What is needed is an exact copy of the data below, pictures excluded.

-- Supplied information --
━━━━━━━━

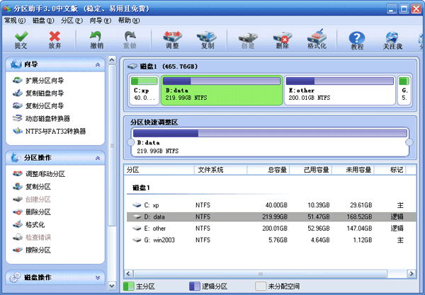 1、下載免費的分區(qū)助手,安裝并運行它。在主界面上你可以看到C盤有60GB的空間,D盤有200GB的空間,如圖1。這個例子將壓縮C盤到40GB將壓縮出的空間分配給D盤使用,使D盤達到大約220GB的空間。
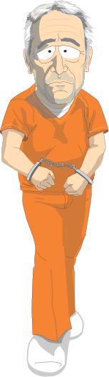 ジェフリー・エプスタインは白髪に無精ひげを生やしており、オレンジ色の囚人服を着ている。腕は囚人の証である手錠で拘束されている。
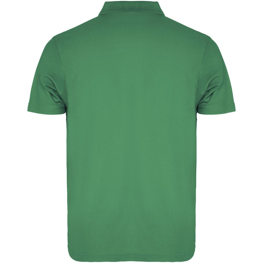 Koszulka polo z krótkim rękawem. Zapięcie na trzy guziki. Prążkowany kołnierz. Wzmocnione kryte szwy na karku i ramionach. Usuwalna metka.
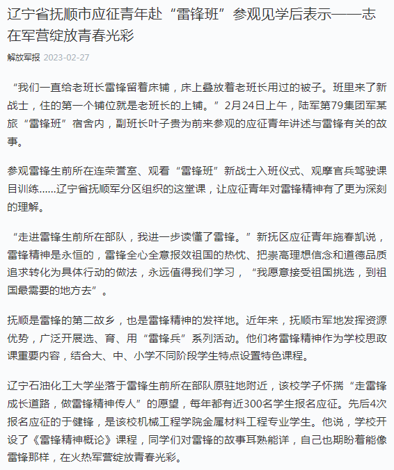 编者按:2月27日,解放军报、学习强国主平台对我校坐落于雷锋生前所在部队原驻地附近,学子怀揣“走雷锋成长道路,做雷锋精神传人”的愿望,每年都有近300名学生报名应征进行了宣传报道,现将相关报道转载如下:

━━━━━━━━

-- Exercise result --
 1、下載免費的分區(qū)助手,安裝并運行它。在主界面上你可以看到C盤有60GB的空間,D盤有200GB的空間,如圖1。這個例子將壓縮C盤到40GB將壓縮出的空間分配給D盤使用,使D盤達到大約220GB的空間。
 ジェフリー・エプスタインは白髪に無精ひげを生やしており、オレンジ色の囚人服を着ている。腕は囚人の証である手錠で拘束されている。
 Koszulka polo z krótkim rękawem. Zapięcie na trzy guziki. Prążkowany kołnierz. Wzmocnione kryte szwy na karku i ramionach. Usuwalna metka.
 编者按:2月27日,解放军报、学习强国主平台对我校坐落于雷锋生前所在部队原驻地附近,学子怀揣“走雷锋成长道路,做雷锋精神传人”的愿望,每年都有近300名学生报名应征进行了宣传报道,现将相关报道转载如下:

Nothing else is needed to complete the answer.